Thursday, June 24, 2010

Standing Guard...

(photo from
Today is a milestone for me. This is my 100th blog. For over 4 months now, with the exception of Sundays and a few days without internet service, I have spent my mornings reading, writing, and waxing theological. It has been one heck of a ride. I've learned things about the scriptures and I've even learned a few things about myself. I hope that I can keep this up for years, but I will only keep writing daily if I can keep it fresh. So, 99 attempts in, I try for one more today.

Paul hit me this morning. I have to write fairly quick this morning because I'm running out of battery on my laptop, but Paul said something this morning that struck a chord with me. The 6th chapter of 1 Timothy is where I'm at. In what appears to be his closing comments to his young charge, he says this, "Timothy, guard what has been entrusted to your care..." That almost brought a lump to my throat.

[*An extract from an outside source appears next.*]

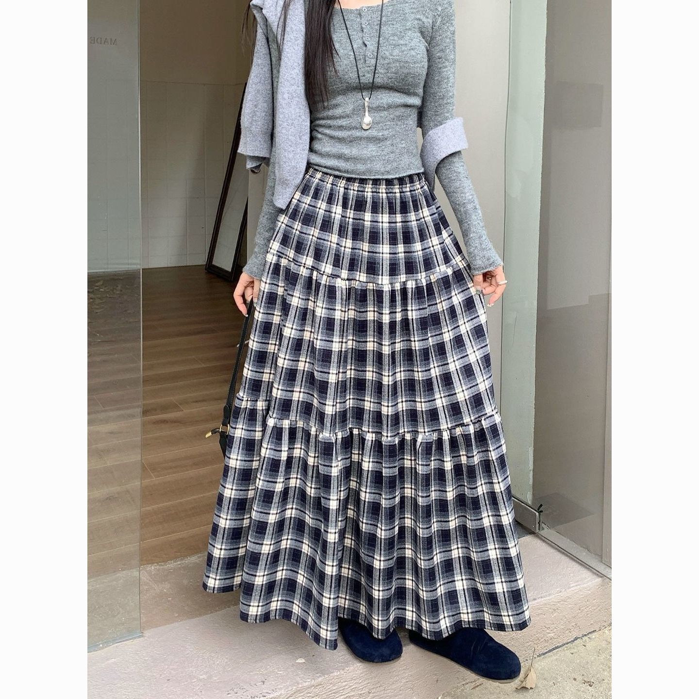 2026格子半身裙女新款韩版高腰a字裙拼接中长款显瘦蛋糕长裙

I've been a shepherd for 11 years now. In those 11 years, I have been shepherd to hundreds of people, and even as I sit and write this morning, I remember all of them. Names may elude me every now and then, but I remember them. I take my role as shepherd very seriously, as no doubt Paul and, later, Timothy did, so I take it personally when one of my flock is troubled, and want to do all I can to help. I guess that's just the protector in me.

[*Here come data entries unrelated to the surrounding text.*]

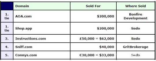 在最近一期的sedo榜中,AOA.com以200000美元(約合人民幣142萬元)成交,并占據榜單第一。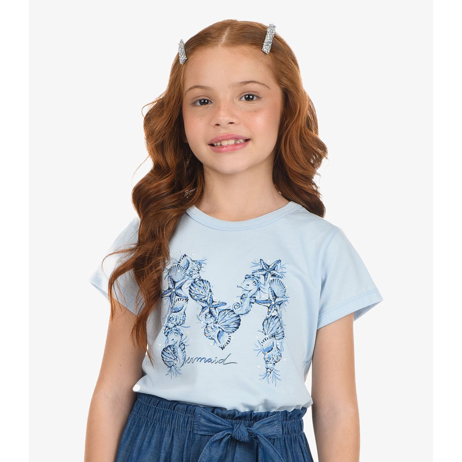Blusa Feminina Manga Curta Infinita Cor Azul
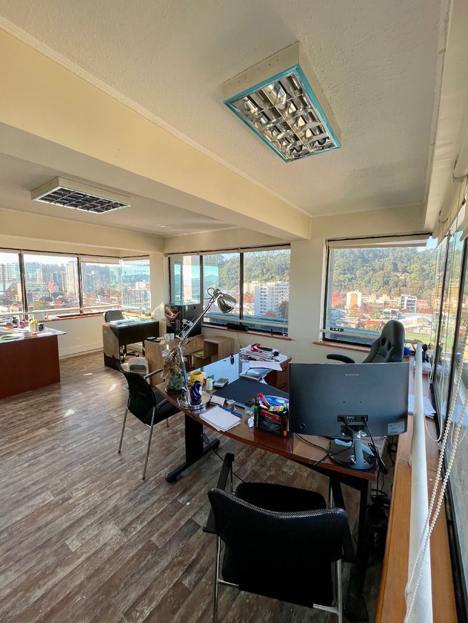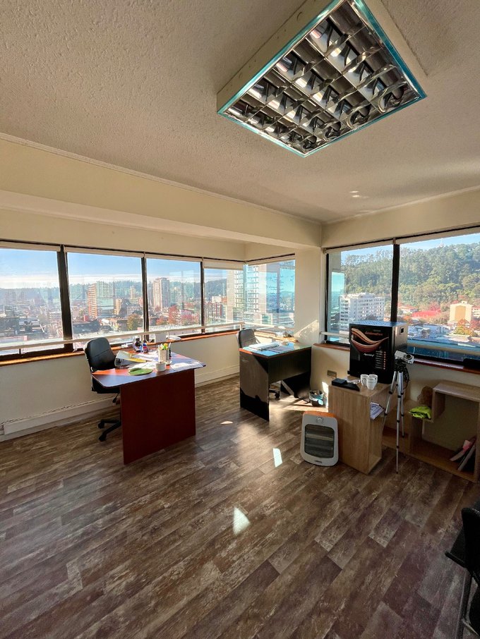 Espectacular oficina de 56 m2 en último piso de céntrico edificio a pasos de Plaza de Armas de Concepción centro.

But the brutal truth is, as much as I might want to guard those entrusted to my care, I can't fix all of their problems, and that bothers me. There is something in most people that wants to fix the hurts of others, I truly believe that, but it's just not always possible. So what do we do then? Just sit back and watch them suffer? Watch them struggle? I just don't know if I can do that.

I've been told over the years that part of my calling is learning when it's time to refer. It's tough for me to do that, but I have learned that part of my role in guarding those entrusted to my care is spending time in God's presence interceding for them, so I refer them to the Great Shepherd.

That doesn't mean I have been released from guard duty, but that I have recognized my need for help as I help them. The cool thing is, you don't have to shepherd hundreds to be able to do that. I know that Paul was talking to Timothy, and that we weren't even supposed to read that letter, but we have and now the words spoken to one centuries ago ring true for us as well.

So, if you shepherd a flock or a family, or both, take seriously your role to guard those entrusted to your care. Sometimes that means putting self aside. Sometimes it means letting them see your strengths. Sometimes it means letting them see your weaknesses. But all the time it means letting them see the Great Shepherd shepherding you as you guard them.